Им кажется, что они сами выбирают — предпочитают Дом кино, театральную премьеру, политический диспут симфоническому, камерному концерту. На самом деле им не дано выбирать — они продукт массированного, в масштабах страны, воспитания, где на музыку велось тотальное наступление. Музыка в глазах новых, послереволюционных властей скомпрометировала себя вдвойне: во-первых, как пособница «опиума для народа», ибо издревле входила необходимым компонентом в православное церковное действо. «Отравление» гимназиста, скажем, религией, законом Божьим, велось одновременно с обучением его вокальным навыкам: петь в хоре должны были уметь все. Мещане, дворяне обучали детей игре на музыкальных инструментах. Манерная барышня в подходящий момент подсаживалась к пианино — новая эпоха, новый мир, который мы должны были построить, вдосталь обсмеяли таких, вместе с их фикусами, геранями, вышитыми салфетками. Застенчивостью, деликатностью, чутьем, что можно, а что — нельзя. Непозволительно. Бессовестно.
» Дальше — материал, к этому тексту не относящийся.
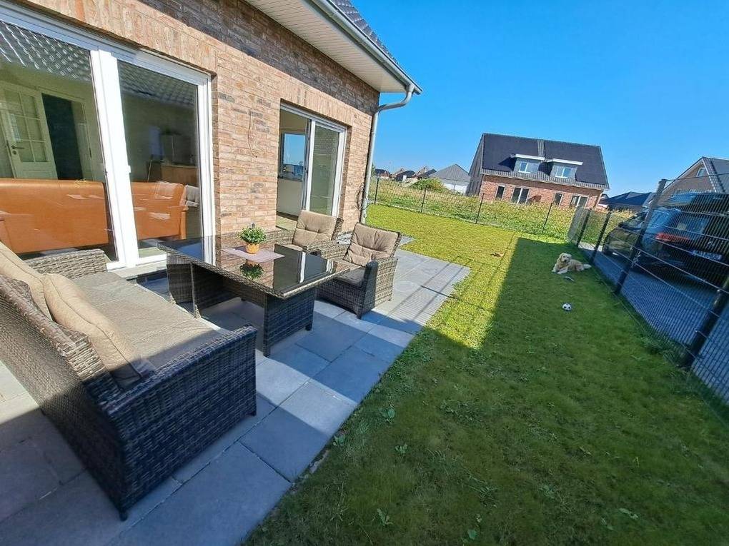 Alle Fenster sind mit elektrischen Rollläden ausgestattet, einschließlich der Velux-Fenster. Das Ferienhaus verfügt über einen eingezäunten Garten, ideal für Haustiere, eine große Süd-Terrasse und einen Stellplatz direkt am Haus. Über einen privaten Weg erreichen Sie nach 150 Metern das Wangermeer, einen beeindruckenden 100 Hektar großen Freizeitsee. Dort können Sie schwimmen, angeln oder Wassersportarten wie Stand-Up-Paddling (SUP) ausprobieren. Direkt am Wangermeer gibt es zudem die Möglichkeit, Fußballgolf zu spielen.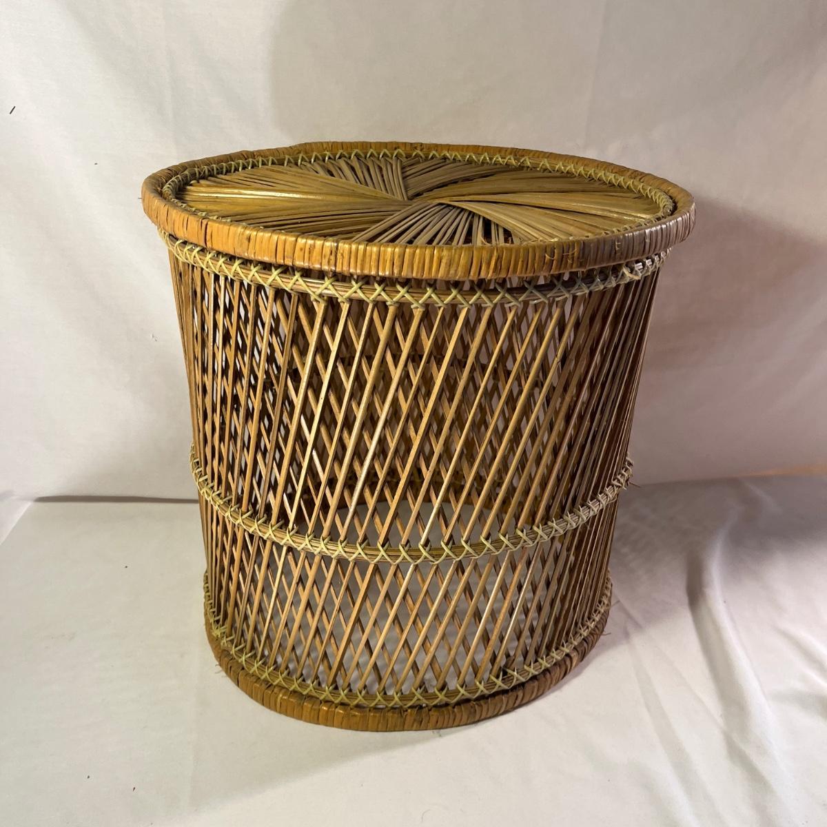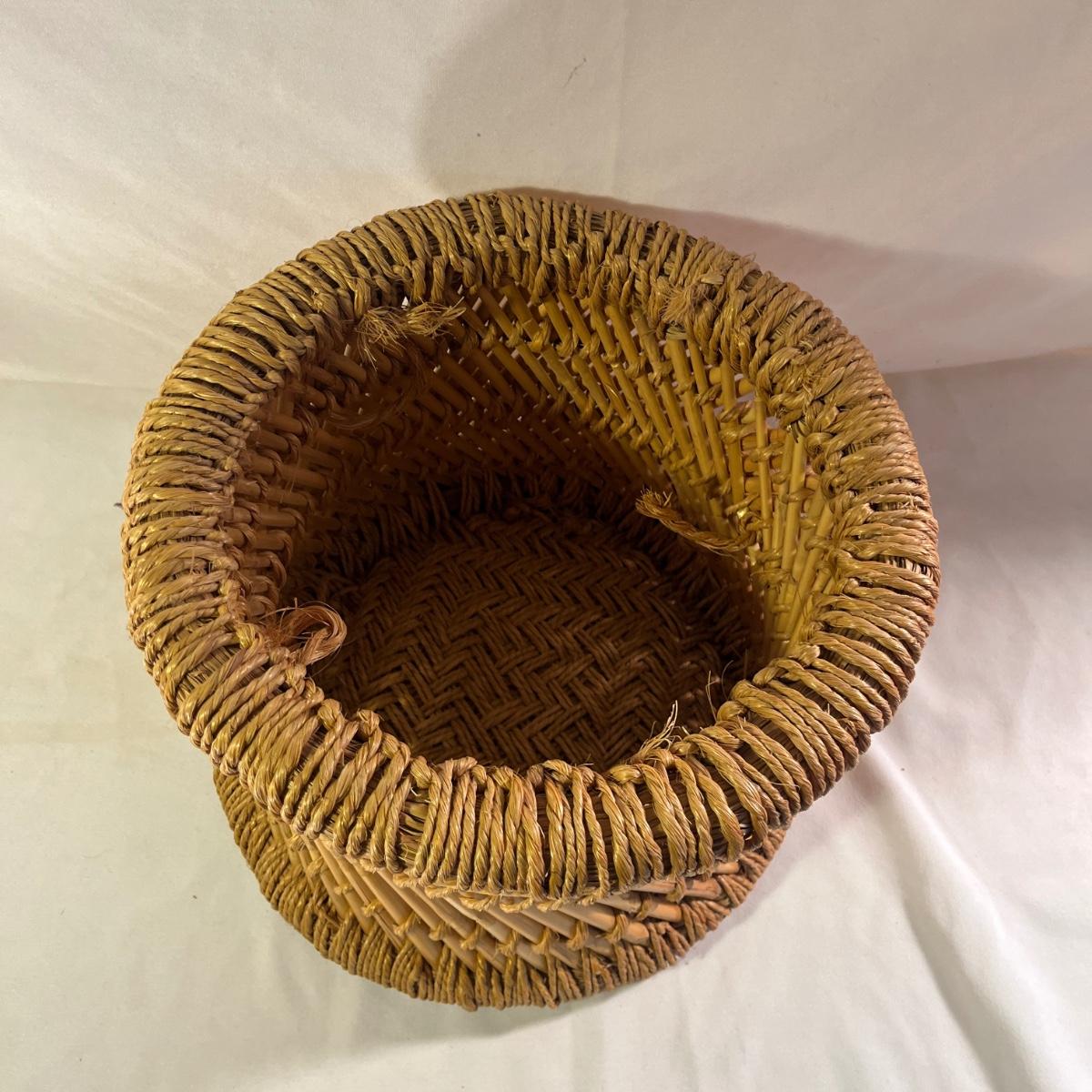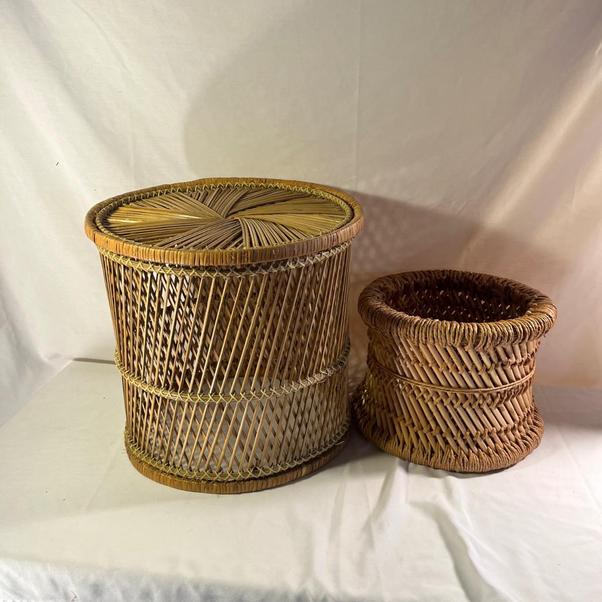 Lot includes a woven plant stand that measures 17”D x 16”H and a woven planter that measures 13”D x 9.5”H.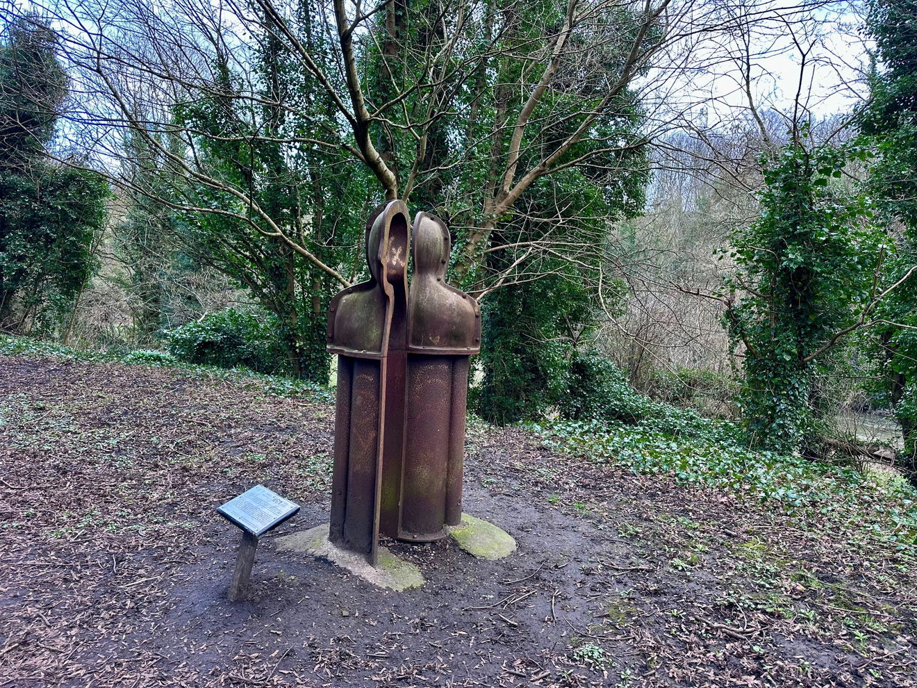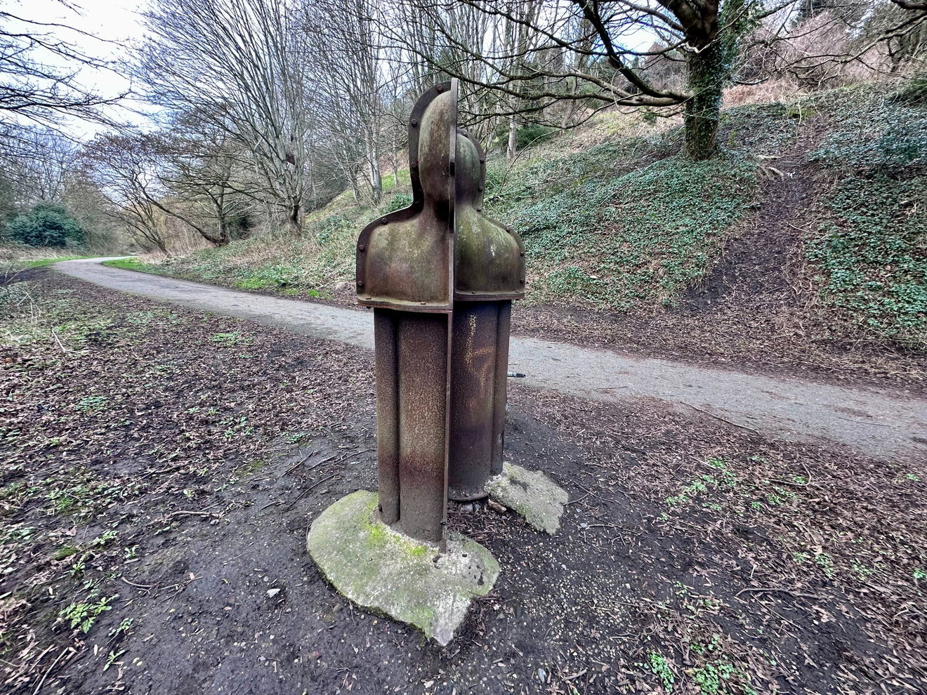 A bold piece of public art standing quietly above the River Blyth in Bedlington Dene, near the site of the historic Bedlington Iron & Engine Works.

Известно, что при первом прослушивании музыкального произведения даже профессионал не может сразу его охватить, во всей полноте в него вникнуть.
Об этом Рихтер говорил, и это при его-то потрясающей восприимчивости.
Действительно, по-настоящему наслаждение испытываешь тогда, когда слышишь уже знакомое, известное. Любви с первого взгляда, в музыке, пожалуй что и не бывает. Это подтверждает совсем простенькую мысль, что тот, кто музыкально не образован, ничего не услышит, не поймет. И надеяться на чудо тут нечего.